4. ✍ Use {eq}`legendre` to show that $P_n(x)$ is an odd function if $n$ is odd and an even function if $n$ is even.

5. ⌨ Using {eq}`legendre`, write a function `legpoly(x,n)` that returns a matrix whose columns are the Legendre polynomials $P_0,P_1,\ldots,P_n$ evaluated at all the points in the vector $x$. Then use your function to plot $P_0,P_1,P_2,P_3$ on one graph. 

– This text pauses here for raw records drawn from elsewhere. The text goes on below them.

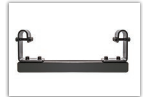
Rear Accessory Bar MSRP: $90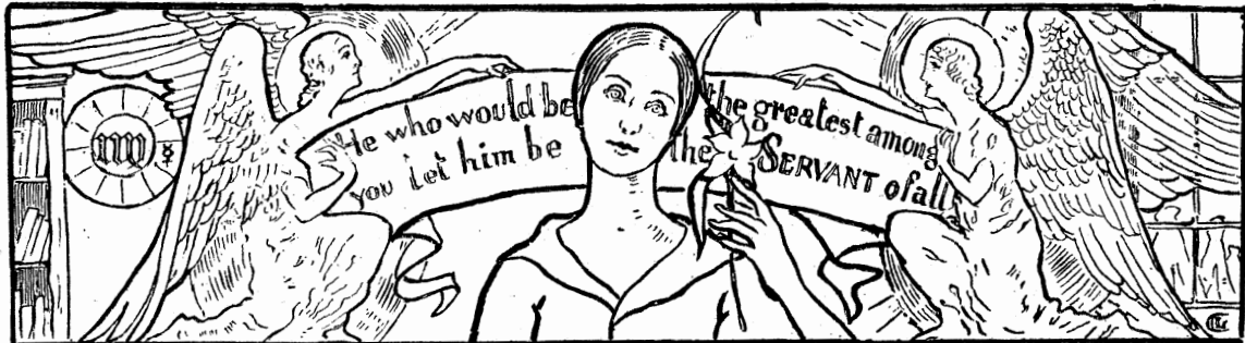
A Character Delineation of the Children Born between August 23rd and September 22nd, inclusive, 1928.

The children of Virgo are usually of a timid and retiring nature, and their feelings are very easily hurt. Their ambitions are high, but they very seldom attain to the heights of their ambition on account of their tendency to take offense very easily when their feelings are injured by those with whom they are associated. They just cannot put their feelings in their pocket and forgive and forget. This is apt at times to spoil what high ideals they may have had in association with their friends or relatives.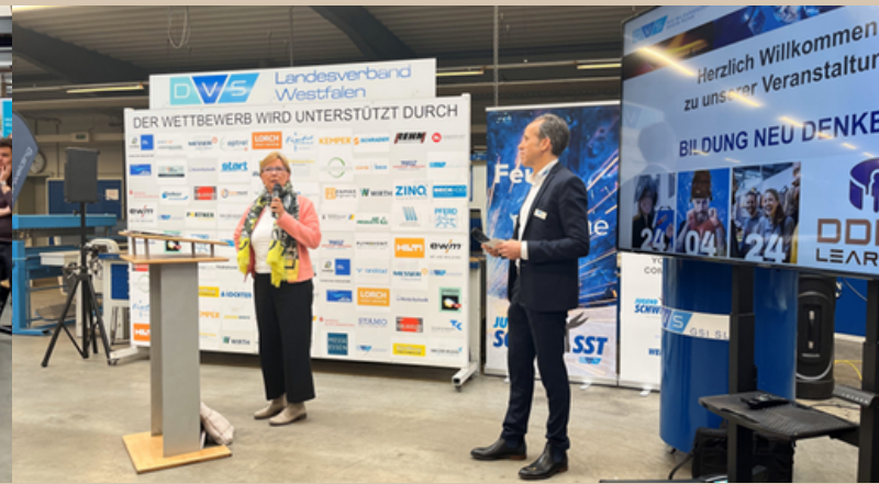
Mayor of the city Gelsenkirchen and the Head of SLV Bildungszentren Rhein-Ruhr speaking during the Multiplier Event in Germany.

In Cyprus, Emphasys organised 4 different events, with a participation of over 60 participants. The profile of participants has included VET schools including VET providers, VET trainers and VET students, HEIs including HE teachers and HE students, adult educators and other organisations related to the field of adult education. In Greece, TIHC has gathered 65 participants, and in Spain, INFODEF has reunited over 70 representatives from the adult education sector, as well as VET and policymakers from the local and regional governments.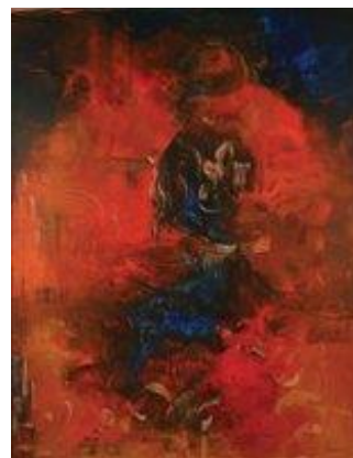
Passion - 280 x 200 - Oil on Canvas - 1991

6. ⌨ (Continuation of previous problem.) Choose 1600 evenly spaced points in $[-1,1]$. For $n=1,2,\ldots,16$, use this vector of points and the function `legpoly` to construct a $1600\times (n+1)$ matrix that discretizes the quasimatrix
   
    $$
     \mathbf{A}_n = 
    \begin{bmatrix}
     \underline{P_0} &  \underline{P_1} & \cdots 
    &  \underline{P_{n}}
    \end{bmatrix}.
    $$

    Make a table of the matrix condition number $\kappa(\mathbf{A}_n)$ as a function of $n$. (These will not be much larger than 1, showing that the Legendre polynomials are a good basis set.) 

7. ⌨ Using {eq}`chebaltform`, write a function `chebpoly` that returns a matrix whose columns are the Chebyshev polynomials $T_0,T_1,\ldots,T_n$ evaluated at all the points in the vector $x$. Then use your function to plot $T_0,T_1,T_2,T_3$ on one graph. 

8. 
    **(a)** ✍ Use {eq}`chebaltform` to show that the first-kind points {eq}`chebfirstpoints` are roots of $T_n$. 
    
    **(b)** ✍ Use {eq}`chebaltform` to show that the second-kind points {eq}`chebextreme` are local extreme points of $T_n$.

9.  ✍ Show that the definition {eq}`chebaltform` satisfies the recursion relation in {eq}`chebyshev`.

10. ✍ Use {eq}`chebaltform` to show that $\langle T_0,T_0 \rangle=\pi$ and $\langle T_k,T_k \rangle=\pi/2$ for $k>0$ in the Chebyshev-weighted inner product. (Hint: Change to the variable $\theta$.)